HKCEC, Hkcec

Audio File length: 2.36
English / USA Language: English / USA


Hi, my name’s Marcy, and I’m your personal guide. Along with MyWoWo, I’d like to welcome you to one of the Wonders of the World: the Hong Kong Convention and Exhibition Center, which each year welcomes several million visitors.

If you stop along the Tsim Sha Tsui Promenade in Kowloon to admire the view of Hong Kong Island, there’s a highly unusual building that’s bound to catch your eye: the Convention and Exhibition Center, spectacular by day and surprisingly beautiful at night thanks to the colorful neon lights.

This is a venue of international importance for trade fairs, exhibitions, conventions, meetings and fashion shows.
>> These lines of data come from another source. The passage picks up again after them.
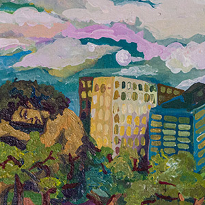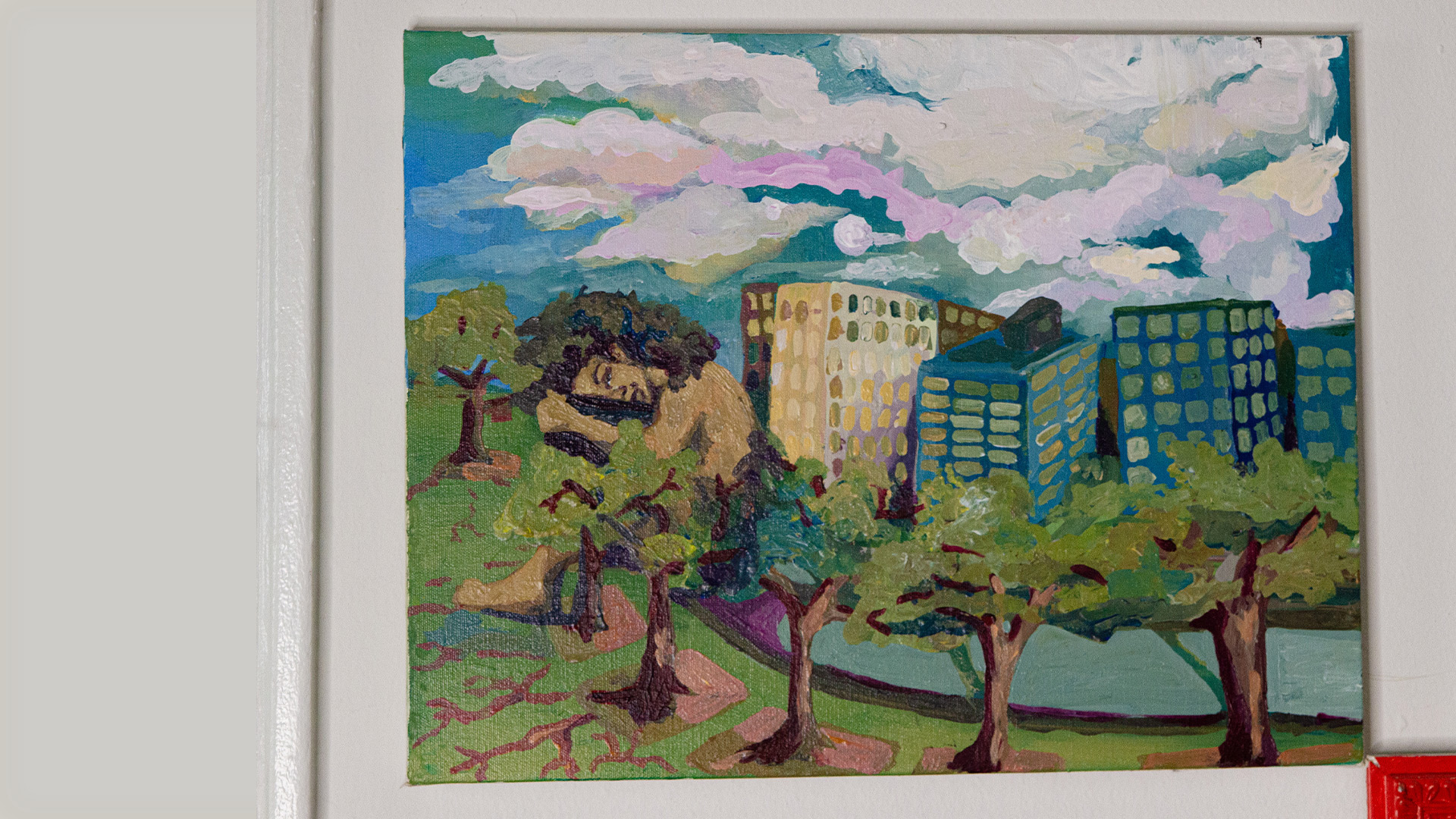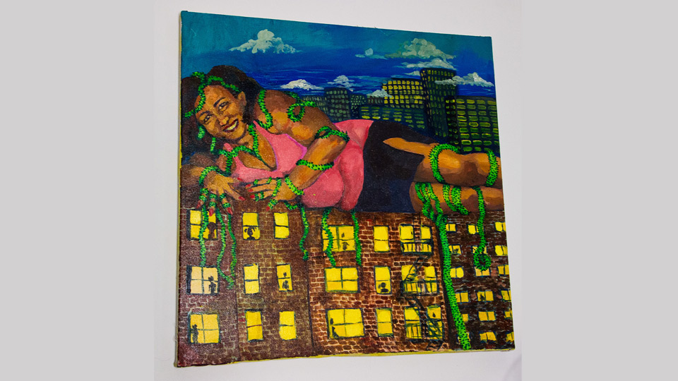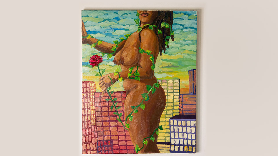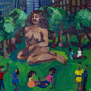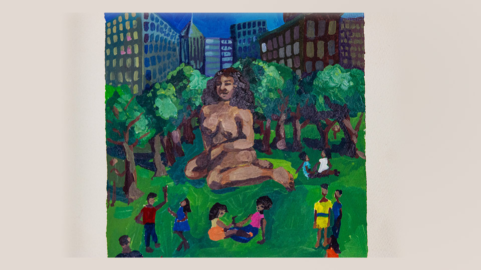 This small painting on watercolor paper is the first thing I made for this series. I drew inspiration from Prospect Park on a spring weekend. I think the nudity speaks towards the vulnerability of showing up in the world. From this small painting I grew the idea of painting large black women in city scapes.
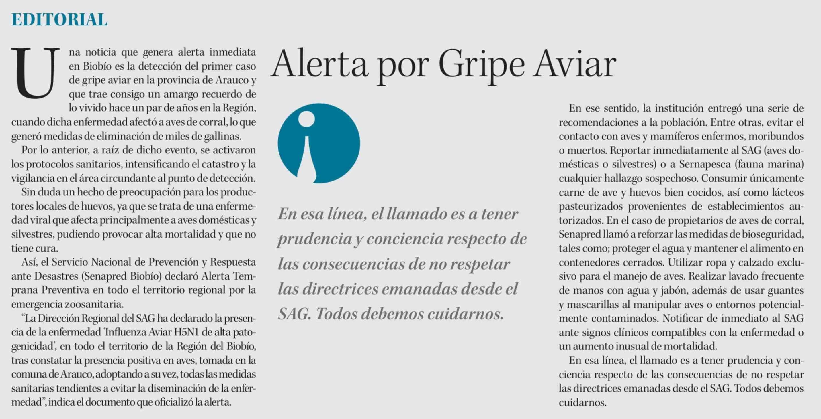 Editorial: Alerta por Gripe Aviar 15-04-2026 Diario Concepción |
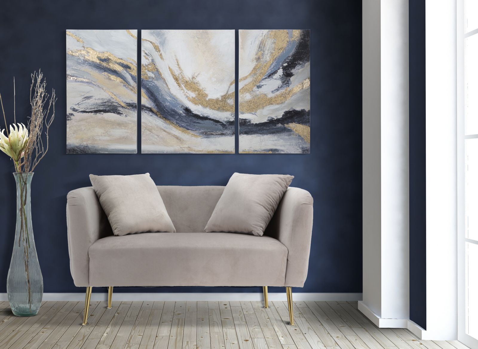 Mauro Ferretti Bucarest 2-zitsbank van grijze stof met gouden poten
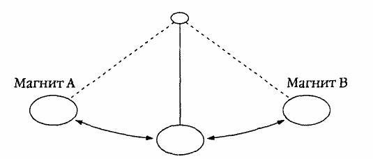 Любой трейдер, обладающий хоть небольшим опытом, знает, что рынки не являются простым механическим результатом спроса и предложения. Если бы люди были машинами, поведение акций было бы простой двухмерной системой сил предложения и спроса. Маятник, подвешенный между двумя магнитами, является простой двухмерной системой притяжения (см. Рисунок 2.2). Двухмерные системы притяжения просты, линейны и скучны. Двухмерный рынок не имел бы ни сложности, ни нелинейности, ни турбулентности, ни волатильности.
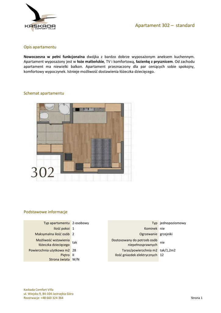 Apartament 302 – standard Opis apartamentu Nowoczesna w pełni funkcjonalna dwójka z bardzo dobrze wyposażonym aneksem kuchennym. Apartament wyposażony jest w łoże małżeńskie, TV i komfortową, łazienkę z prysznicem. Od zachodu apartament ma niewielki balkon. Apartament przeznaczony dla par ceniących sobie spokojny, komfortowy wypoczynek. Istnieje możliwość dostawienia łóżeczka dziecięcego. Schemat apartamentu Podstawowe informacje Typ apartamentu 2-osobowy Ilość pokoi 1 Maksymalna ilość osób 2 Możliwość wstawienia tak łóżeczka dziecięcego Powierzchnia użytkowa m2 28 Piętro II Strona świata W/N Kaskada Comfort Villa ul. Wiejska 9, 84-104 Jastrzębia Góra Rezerwacje: +48 660 324 364 Typ jednopoziomowy Kominek nie Ogrzewanie grzejniki Dostosowany do potrzeb osób nie niepełnosprawnych Taras/powierzchnia m2 tak/1,2m2 Ilość gniazdek elektrycznych 12 Strona 1 Apartament 302 – standard Podstawowe informacje Zestaw noży kuchennych Funkcjonalność Telewizor (cale)/ilość kanałów LCD 32/16 Odtwarzacz dvd tak Kabel HDMI tak / 6 sztuk Wyposażenie kuchni tak / 3 sztuki tak Zestaw łyżek do makaronu Pralka możliwość korzystania z pralni Zestaw drewnianych łyżek (3szt) tak Suszarka do włosów tak Durszlak tak Składana suszarka na bieliznę tak Półmisek tak Aneks kuchenny tak Kieliszki do wina tak / 6 sztuk Zmywarka/cm tak/45 Korkociąg tak Mikrofalówka tak Miska metalowa tak Lodówka/cm tak/ 80x60 Meble balkonowe tak Łóżko podwójne/ilość 1 Metalowy stojak pod garnki Korkowe podkładki pod garnki Szafki stojące/cm Łóżko pojedyncze/ilość 0 Łóżeczko dziecięce możliwość dostawienia Szafki wiszące/cm/ tak tak/ 3 sztuki tak/ łączna długość 115x86x57 tak/łączna długość 225x54x30 Pokój dzienny Wyposażenie kuchni Czajnik elektryczny tak Zaparzacz do kawy tak Garnki (duży i mały) tak Patelnia tak Zastawa/ilość kpl (talerze, talerzyki, miski, tak/ po 6 sztuk kubki, filiżanki) Sztućce (łyżki, łyżeczki, noże, widelce) tak/ po 6 sztuk Płyta indukcyjna/ceramiczna/i tak/ dwa palniki lość palników Toster tak Opiekacz/gofrownica tak Blender tak Zlewozmywak tak Tarka tak Serwetnik tak Deska do krojenia tak Kaskada Comfort Villa ul. Wiejska 9, 84-104 Jastrzębia Góra Rezerwacje: +48 660 324 364 Kanapa rozkładana 2osobowa/cm nie Fotel nie Szafa/cm tak/ 102x255x60 Szuflada z półką przylegająca do szafy tak/ 85x60x60 Pawlacz nad półką tak/ 90x60x45 Wieszaki/szt. tak/ 10 Ława/cm nie Stół/cm jadalniany tak/ 80x80x75,5 Krzesła do stołu/szt. tak/ 2 sztuki Komoda/cm nie Półki nie Okno balkonowe/cm tak/ 170x223 Okno/cm nie Rolety tak/ wewnętrzne Typ podłogi Kafelk/panele podłogowe Strona 2 Apartament 302 – standard Łazienka Część sypialna Prysznic tak/ kabina: 90x90 Wanna nie Bidet nie Umywalka/cm łóżko dwuosobowe/cm tak/ 140x200 Szuflady przy łóżku tak/ 50x33x20 tak/ 39x55 Pojedyncze łóżko/cm nie Lustro/cm tak/ 78x57 Szafa/cm nie Półki tak/ 78x53x20 Biurko tak/ 110x60x76 Szuflady nie Szafka tak/ 49,5x84x27 Szuflada z półką przylegająca do biurka nie Ręczniki tak Wieszaki na ręczniki tak / 4 szt. Krzesło tak Okno/cm nie Komoda/cm nie Zestaw kubeczki+mydelniczka Pościel tak nie Okno balkonowe/cm tak/ 170x223 Śmietnik tak Okno/cm nie Szczotka do toalety tak Rolety tak/ wewnętrzne Grzejnik tak Typ podłogi Panele podłogowe Cena w sezonie od 05.07 do 25.08 cena około-sezonowa od 01.06 do 05.07 i od 25.08 do 30.09 Cena poza sezonem* od 30.09 do 31.05 260 pln 220 pln 200 pln Cena obejmuje: Pobyt w apartamencie 2 osób Dzieci do 3 roku życia przebywają bez dodatkowych opłat. Usługi dodatkowe, takie jak: wypożyczenie rowerów, zajęcia animacyjne dla dzieci (w sezonie letnim), Korzystanie z grilla, Siłowni, Sali zabaw dla dzieci, gier PlayStation oraz XBox z kinectem, korzystanie z pralki, udogodnienia dla dzieci, internet oraz parking Kaskada Comfort Villa ul. Wiejska 9, 84-104 Jastrzębia Góra Rezerwacje: +48 660 324 364 Strona 3
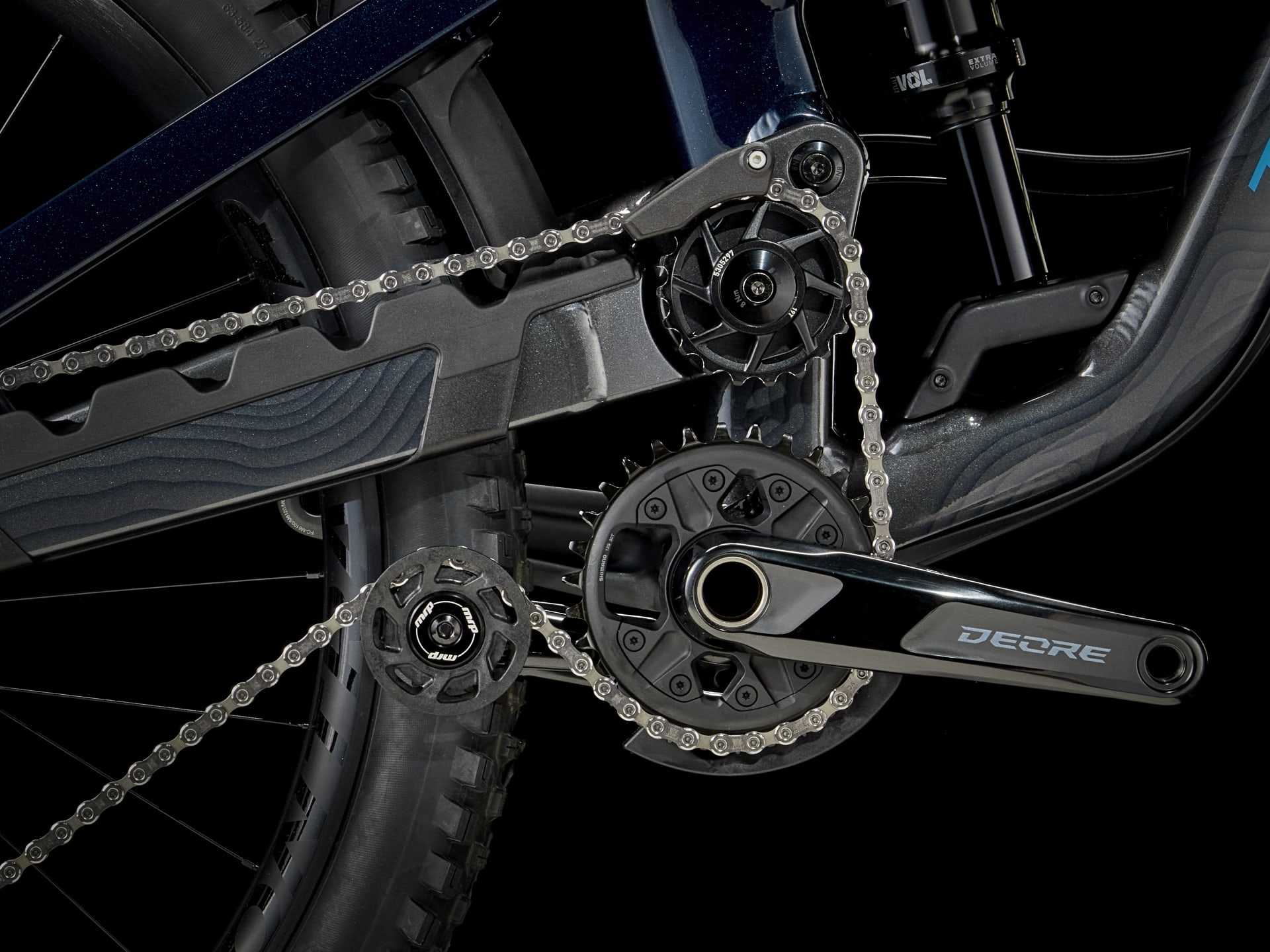 Rama z aluminium Alpha Platinum z zawieszeniem z wysokim punktem obrotu i kółkiem napinającym, a także dodatkowym miejscem na przechowywanie wewnętrzne. 170 mm skoku z przodu i z tyłu dzięki zastosowaniu widelca FOX Rhythm 36 ze sprężyną powietrzną Float EVOL i damperem GRIP oraz amortyzacji Fox Performance Float X. Mnóstwo biegów do łatwiejszej wspinaczki dzięki napędowi Shimano XT, sztyca regulowana Bontrager Line Dropper i zestaw mieszanych kół Bontrager Line Comp 30, 29 cali z przodu i 27,5 cala z tyłu, do zastosowań bezdętkowych z piastą Rapid Drive.
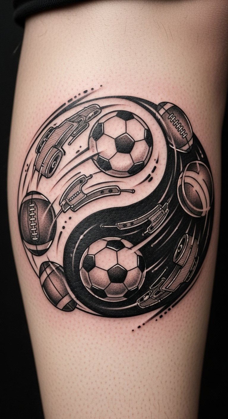 Sports gear fits yin yang for active types. Balls in the halves show play.
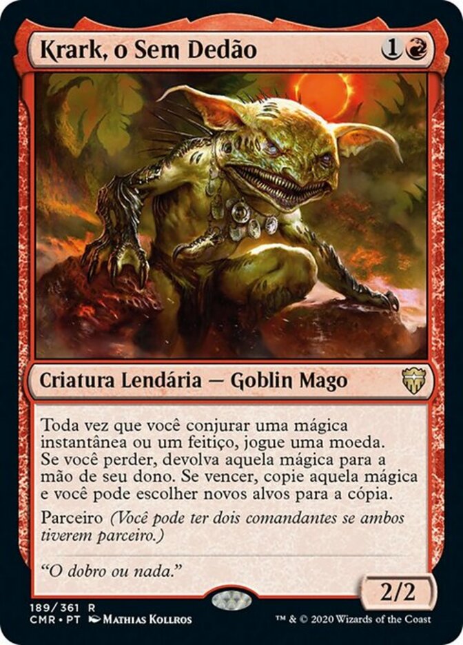 | Rules | Whenever you cast an instant or sorcery spell, flip a coin. If you lose the flip, return that spell to its owner's hand. If you win the flip, copy that spell, and you may choose new targets for the copy. Partner (You can have two commanders if both have partner.) |
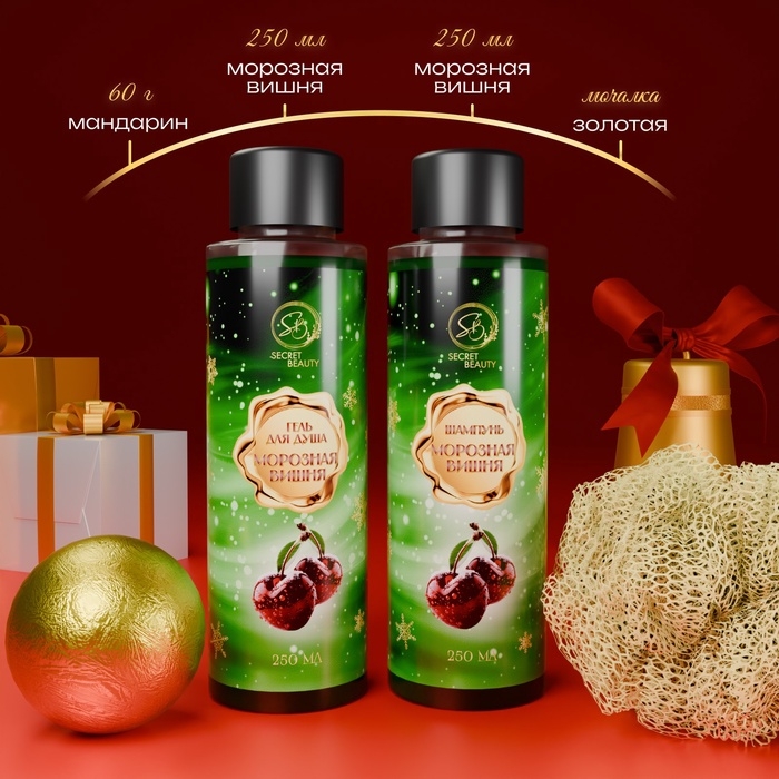 - Гель для душа 250 мл "Морозная вишня"— его нежная текстура мягко очищает кожу, создавая приятные ощущения свежести и комфорта. Ароматный шлейф геля наполняет душу ощущением праздника, а кожа остаётся увлажнённой и бархатистой на ощупь.
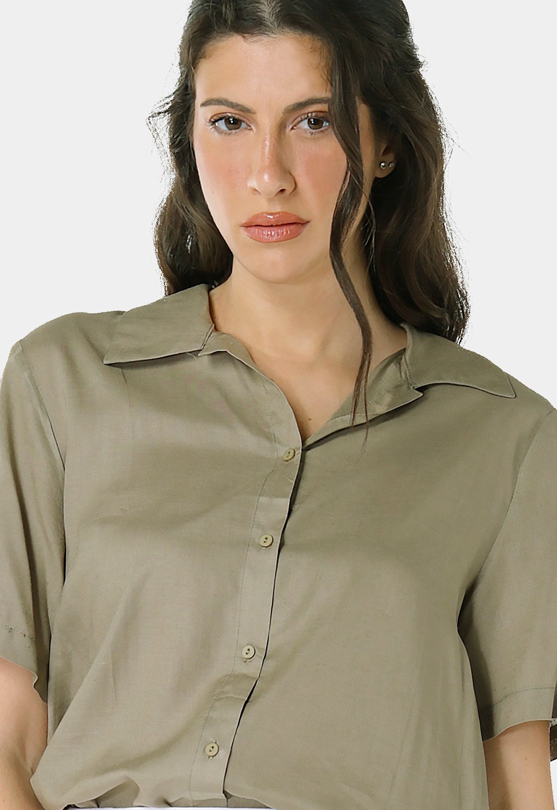 Detalhes:Camisa feminina em linho com mangas curtas. Frente lisa, com gola batida. Mangas curtas com barra. Palas nas costas com prega. Barra reta na frente, com costas mais longas arredondada. Tecido muito macio, fino, com excelente caimento.
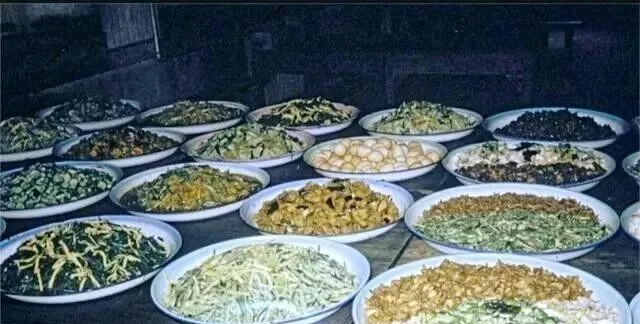 这桌全是菜,凉的热的一溜摆开,白瓷大盘挨着大盘,青菜、豆芽、肉丁、丸子,挑哪个都不寒碜,小时候跟着大人打饭,最爱那勺带油花的土豆丝,端回来一拌就香,那时候讲究管饱也管口味,现在点外卖方便,可这股锅气味儿真难找回来了。

It hosts so many events that since it opened in 1988, it has required major work to expand the facility on two occasions, and now measures in excess of an impressive 92,000 square meters.

From the outside, the central structure is especially striking as it is entirely covered in glass and aluminum and has a roof designed to represent the wings of a seagull taking flight. From above, it resembles a spaceship and in reality, it’s almost as technological and futuristic as one.

There are six large exhibition halls inside as well as two large areas for organizing meetings and banquets, two theaters, 52 meeting rooms and seven restaurants.

The Convention Center also hosts many music concerts, including shows by world-famous artists such as Blur and Michael Bublé.

I recommend a visit to this incredible venue; if you’re lucky, you might even find an interesting exhibition.

In front of the complex, on the bay side, is the Expo Promenade, renamed Golden Bauhinia Square in 1997, the year that the Convention Center hosted the ceremony when Hong Kong ceased being a British colony and became a part of China again. It’s easy to see where the name came from: in the center of the square, you can’t miss the six-meter-high gilded statue of Hong Kong’s symbolic flower.

 

Let me leave you with an interesting fact: the bauhinia is the white flower featured in the center of Hong Kong’s flag, which is the same shade of red as the Chinese flag. Inside each petal is a star, adding up to five, just like the 5 stars on the flag of the mother nation.